» Work task
Please repeat nothing except the lines from the one containing "Middle age hispanic" through the end of the records, exactly and without pictures.

» Data supplied

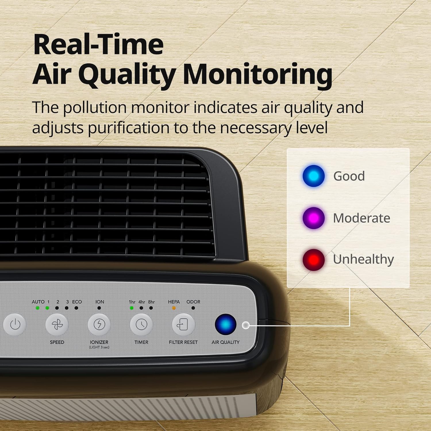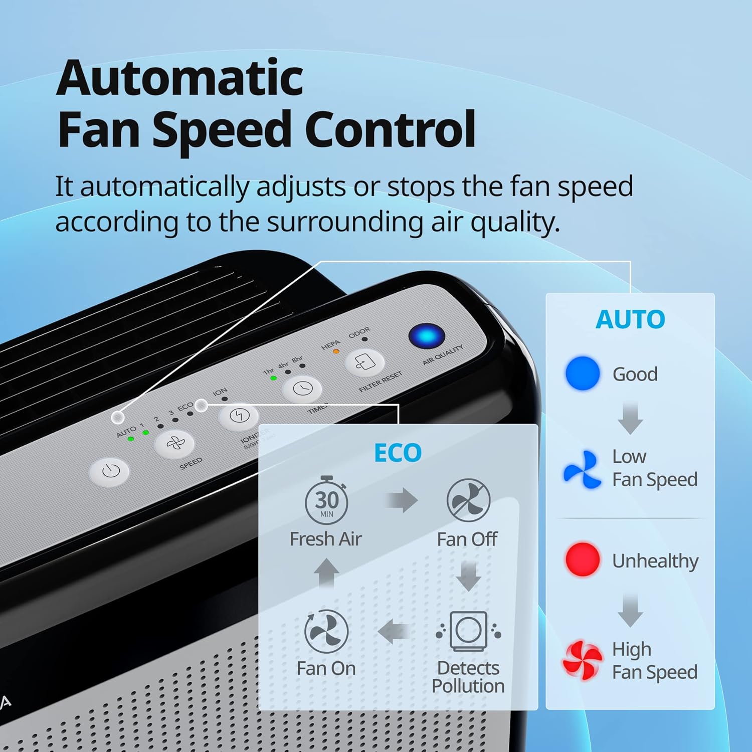 - [Auto Mode] Constantly monitoring the air quality, the fan automatically adjustes to most effectively purifiy your space as needed providing a new level of clean in real time.
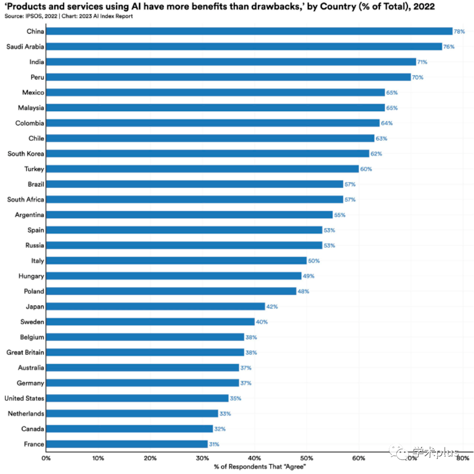 人工智能范畴私有投资金额是2013年的18倍。全球起头关心人工智能手艺的管理,2021年,人工智能给带来的影响喜忧各半。中国人对人工智能产物和办事立场最乐不雅。
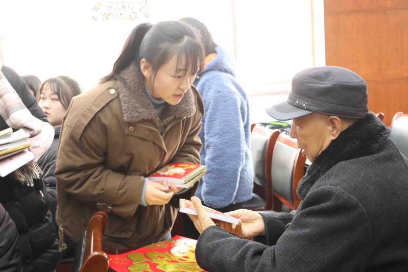 在通榆社区党员服务中心,志愿者们为社区老人带去了“中国年”文化小讲堂,用通俗易懂的语言讲述年的由来及中国年的传统习俗,给老人们送上了该公司青翼公益慈善服务中心募集的御寒冬衣,并送去福字、春联、台历等新年礼物,叮嘱他们要注意身体,春节期间户外活动要注意安全。
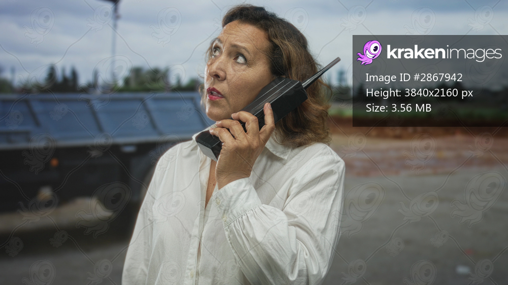 Middle age hispanic woman in white shirt holding cellphone to ear on street looking upward; uncertainty.
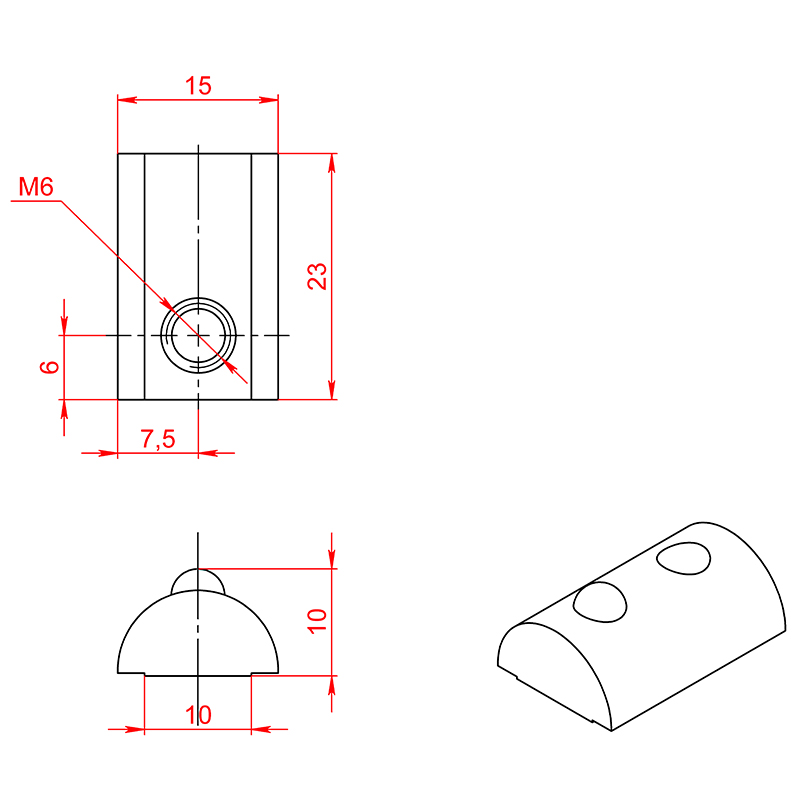 5073AL | Сухарь пазовый алюминиевый, паз 10, М6

» Task result
 Middle age hispanic woman in white shirt holding cellphone to ear on street looking upward; uncertainty.
 5073AL | Сухарь пазовый алюминиевый, паз 10, М6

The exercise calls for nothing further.